[pulseaudio-discuss] pulseaudio (V5) incorrect rate detection on usb sound card with raspberry

Alexander E. Patrakov patrakov at gmail.com
Tue Oct 28 05:04:03 PDT 2014


28.10.2014 16:39, mailing lists wrote:
> Hello Tanu,
>
>> I'm not sure if you mentioned this already before (sorry for not
>> bothering to check), but is the PA version the same between the
>> machines? If not, then something may have been fixed in PA, but in any
>> case it seems more likely to me that there was some change in the kernel
>> driver or alsa-lib that fixed the issue that makes PulseAudio conclude
>> that the sound card doesn't support 44100 Hz.
>
> raspbian comes with PA 2, but I did compiled PA 5, just to discard this type of problems, you can see the output here and yes both test are with PA 5:
>
> http://lists.freedesktop.org/archives/pulseaudio-discuss/2014-October/022015.html
>
> I don't think there is a kernel driver or alsa-lib bug because other software like the Music Player Daemon haven't problem using the alsa device with only 10% of cpu usage (mp3 decoding), but with mpd Pulseaudio output or any other program (local or remote) cpu is 100% ... you known music is 44100 and PA detects a 48000 sound card so it needs resampling.
>
> That I don't understand is how PA determines sound card capabilities....

The theory is very simple. It probes at startup whether the configured 
sample rate and the alternate sample rate (both can be seen in 
/etc/pulse/daemon.conf) are supported. If none is supported, PulseAudio 
picks a somewhat-random rate that is supported by the card. The result 
of this step is either one or two rates that are known to be supported.

So, the first step in debugging should be to see whether daemon.conf 
files are identical.

When a new stream appears, PulseAudio attempts to open the sound device 
(sink) and chooses a sample rate. Of course, if either the device or its 
monitor is already used, then the sample rate cannot be changed, end of 
story. If the device is not already open, then PulseAudio tries to make 
sure that the resampler has less work to do. Namely, if both the stream 
and one of the two detected known-supported rates are from the 
"divisible by 11025 Hz" family, this kind of rate is used (i.e. if 44100 
Hz is supported, then a 22050 Hz stream would be resampled to 44100 Hz, 
even if 48000 Hz is also supported). The same rule is then applied to 
the "divisible by 4000 Hz" family of sample rates. If none of the 
family-rules work, the default sample rate is tried. Of course, "tried" 
and "used" is not the same - the device may have its own constraints, 
e.g. require identical rates for capture and playback. In any case, the 
final say in the sample rate choice is with the hardware.

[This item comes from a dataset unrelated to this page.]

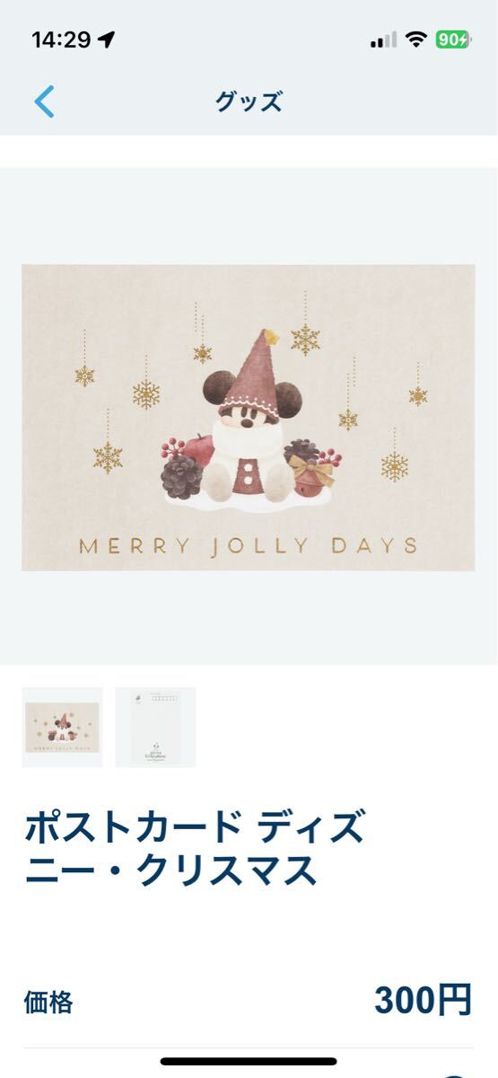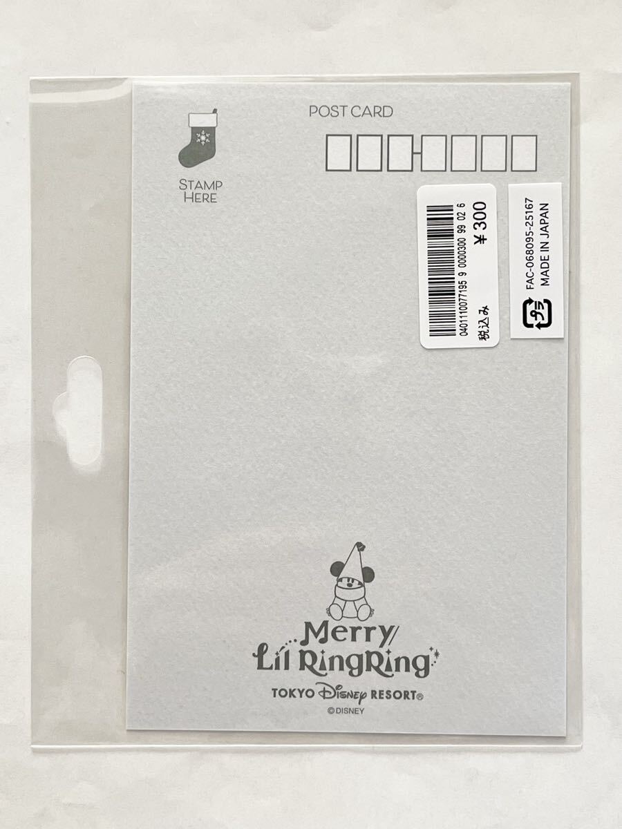○東京ディズニーランドで購入した2025年クリスマス、リルリンリンのポストカード。未使用。

All this logic is properly logged in the "pulseaudio -vvv" output. So it 
would be nice if you provide these logs via some pastebin service.

As for resampling that eats 100% of your CPU, that's a misconfiguration 
(which is unfortunately too common on non-x86 CPUs). First, you should 
build speex with fixed-point support if you are not on x86-family CPU. 
Redundant float <-> fixed conversions, not the actual resampling 
process, is what eats CPU time on non-x86. Then, you should set the 
resampler to speex-fixed-1 (or to speex-fixed-3 just for a benchmark) in 
/etc/pulse/daemon.conf.

As for "why resampling at all" - this may be related to 
module-echo-cancel. Its stream always works at 32 kHz natively, so the 
rules above would select 48 kHz if this is supported by the card. Then, 
if some music appears before module-echo-cancel corks its stream due to 
timeout, it will also get resampled to 48 kHz.